The club has not yet accounted for the source of these funds, although its former secretary told openDemocracy the cash had come from the 2018 sale of the four-storey townhouse club building (above).

An Electoral Commission spokesperson told Open Democracy, “We are contacting the club to find out more information about this matter and their status and we will then consider what, if any, action is appropriate.”

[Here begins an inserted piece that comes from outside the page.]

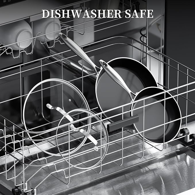 - 【Comfort Design】Titanium ceramic skillets with lid features comfortable ergonomically designed handles; the cast stainless steel handles stay cool to the touch at low temperatures for a more enjoyable cooking experience while ensuring a comfortable and secure grip.

Rose Whiffen of Transparency International said: “Unincorporated associations can be useful vehicles for local fundraising clubs to rally support for a political party in their area, but ambiguous and weak reporting requirements mean their financial arrangements are often kept from public view.

Very few of these groups actually report the original source of their donations, making it far too easy for money of dubious origin to fund political parties. Clearly, [donors] should abide by the current rules, but to bring dark money out of the shadows, we need a significantly lower threshold for transparency over these donations”.